Отпустил несчастного, пристраивая на прежнее место, чем испугал ближних, и снова его руку клюнули соседние птицы, несколько раз царапнули мелкие коготки. Отдёрнул пальцы и стряхнул пух, размазывая по коже каплю крови: надо же, сумели проколоть. Смешно подёргивая головками, птицы отступали по дощечке, а он стоял и глядел в темноту, вспоминая прошлое. Видел сохранившиеся фрагменты, кусочки фрески, потерявшие былой блеск и яркость, и уже не мог понять, чему так удивлялся тогда? Розовые лапки с коготками, розовая кайма на пальцах жены. Вино? Чем поила птиц Анастасия?

Прикрыл дверцу, пошатнулся, в темноте не разглядеть ступени, медленно спустился и пошёл коридором, решая, что завтра же заставит навести порядок в этом уголке. Он хозяин, и он обязан следить за чистотой дома. Он – обязан. Рабам всё равно.

Вернулся к подозрениям о Василии. Да, вот ведь как устроена жизнь. Кто-то становится кастратом в детстве, кого-то калечит болезнь, и мудрецы решают – кастрат достоин доверия.
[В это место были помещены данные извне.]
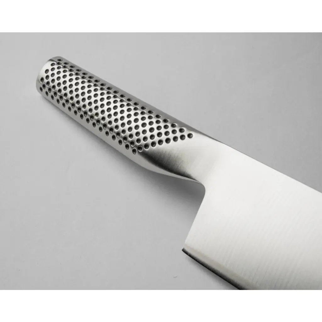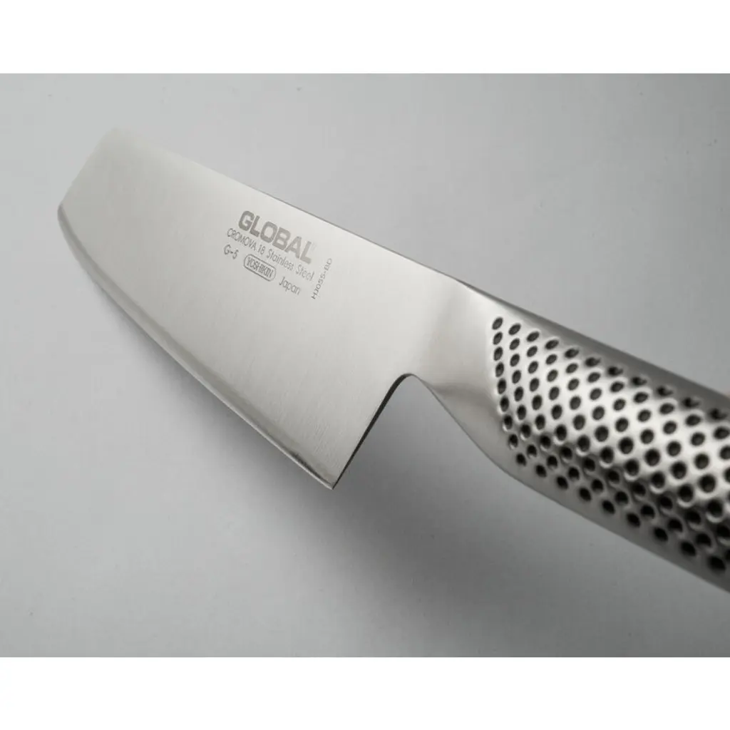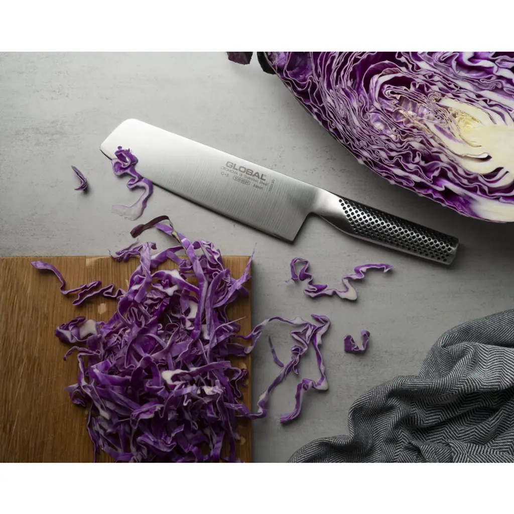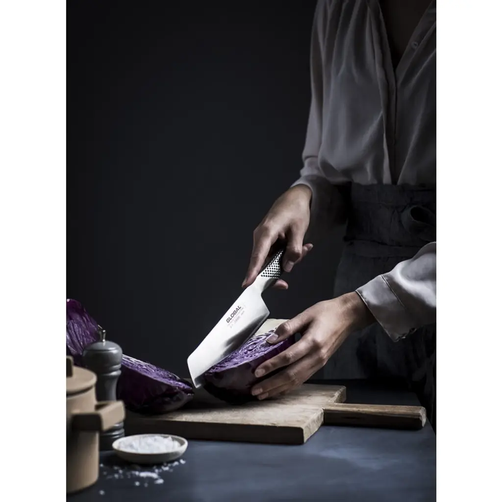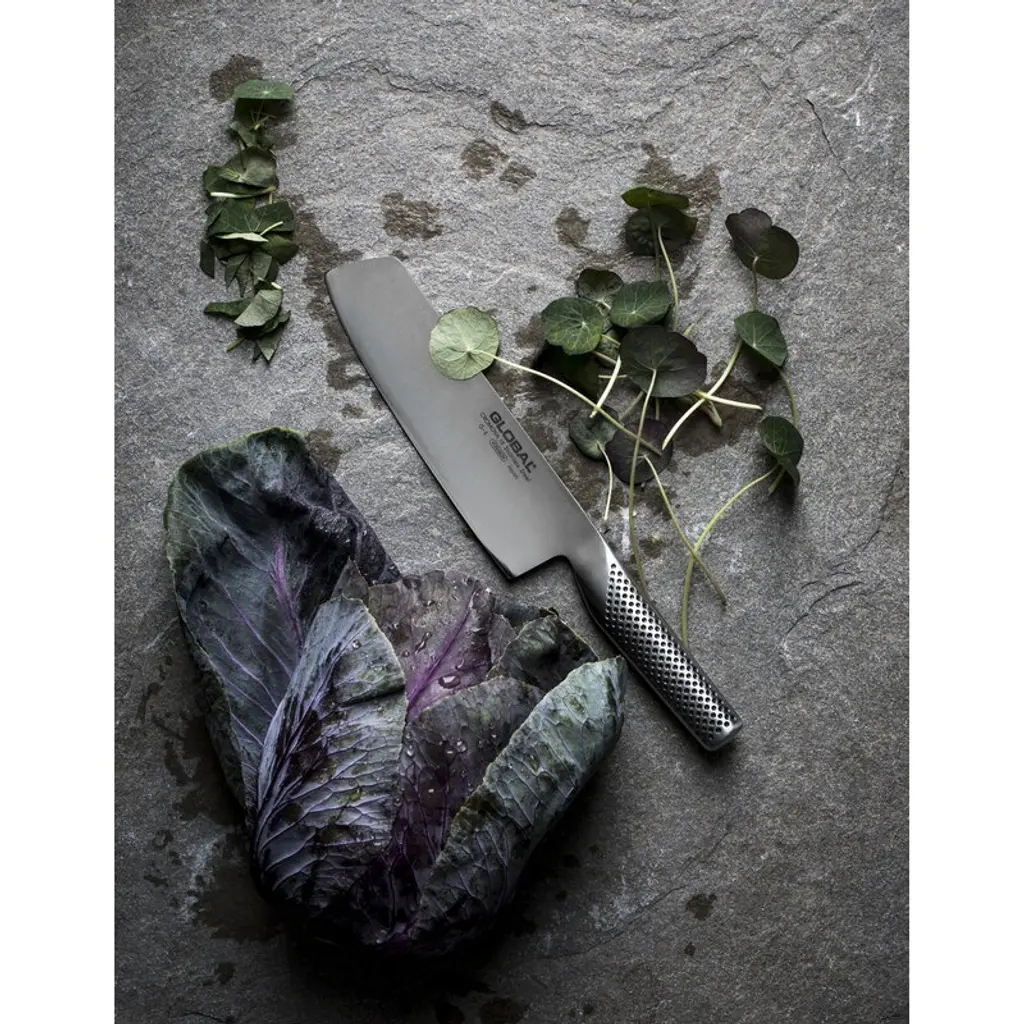 The Global G-5 vegetable knife is a sturdy kitchen essential designed for smooth and efficient slicing and chopping of vegetables. Inspired by traditional Japanese usuba knives, the 7.09 in (18 cm) blade is shaped for an up-and-down cutting motion, allowing the entire length of the blade to contact the cutting board in a single stroke – no pushing or pulling needed. Crafted from all-stainless steel, the knife features a one-piece seamless construction that makes it exceptionally hygienic and easy to clean. The signature dotted handle is filled with sand to ensure a perfectly balanced grip. Designed by Komin Yamada, the knife performs brilliantly in both home kitchens and professional settings. Global knives are hand-made in Japan, following the age-old traditions of Japanese swordsmiths. The unique, top-quality steel alloy Cromova 18 used in Global's razor-sharp blades consists of chrome, molybdenum and vanadium. The extremely tough and durable material also fights rust and corrosion.

Ему не для чего копить богатства, некому передать похищенное, значит, кастрат – идеальный сановник, преданный слуга, верный товарищ. Его не очарует женщина, он не предаст владыку, не польстится жирным куском. Но это придуманная схема. Она не имеет никакого отношения к жизни. Взять того же Василия. Мало у него любовниц? Да, детей нет, но любовниц и наложниц множество. Многие замужние матроны с интересом поглядывают на кастрата, гадая, как же это происходит с уродом? Как? Неужто он способен на большее, чем муж, отягощённый яичками?

А золото? Кто сказал, что евнуху не нужно ни золота, ни власти? Глупости. Но ведь всюду евнухи, они уже образовали нечто вроде сообщества, узкого круга, и действуют сообща, проталкивая к кормилу сподвижников.

Иоанн вошёл в спальню, присел на ложе, и от простого движения, от мимолётного перепада давления голова закружилась, в глазах замелькали мухи, и он покорно лёг, ожидая, пока зрение восстановится. Но мухи не отступали, сновали над ним, поблескивая спинками, только вместо привычного зеленоватого сияния светились красным или калёным – вишнёвым.

Надо отдохнуть. «С кладбища, с похорон ни к кому не заезжать – привезёшь смерть в дом».

Нарушал. Он всегда нарушал законы и предписания обычаев. Не верил в мистику и глупые приметы. Да и сейчас не верит ни в бога, ни в дьявола. Жаль, так и не понял, отчего прицепилась проклятая болезнь.

Он сомкнул веки, опасаясь, что не скоро разглядит витраж прохладного окна, и уснул.

Болезнь, завершения которой он так ждал, вскоре усилилась, лекари не смогли оказать помощи, и император Иоанн уже не встал с ложа. Несколько месяцев он мучился, капля за каплей теряя силы и разум, пытался править Византией, направляя друзей и поощряя близких, но все его попытки кончались обострением болезни. Жена Феодора так и не успела забеременеть. Её никто не принимал всерьёз. В столице ждали переворота. Войска негодовали, но изменить и поправить ничего не могли.

В январе 976 года Иоанн Цимисхий умер. Он действительно опередил Анастасию, сгинувшую в монастыре пустынного острова, и страшно мучился перед кончиной.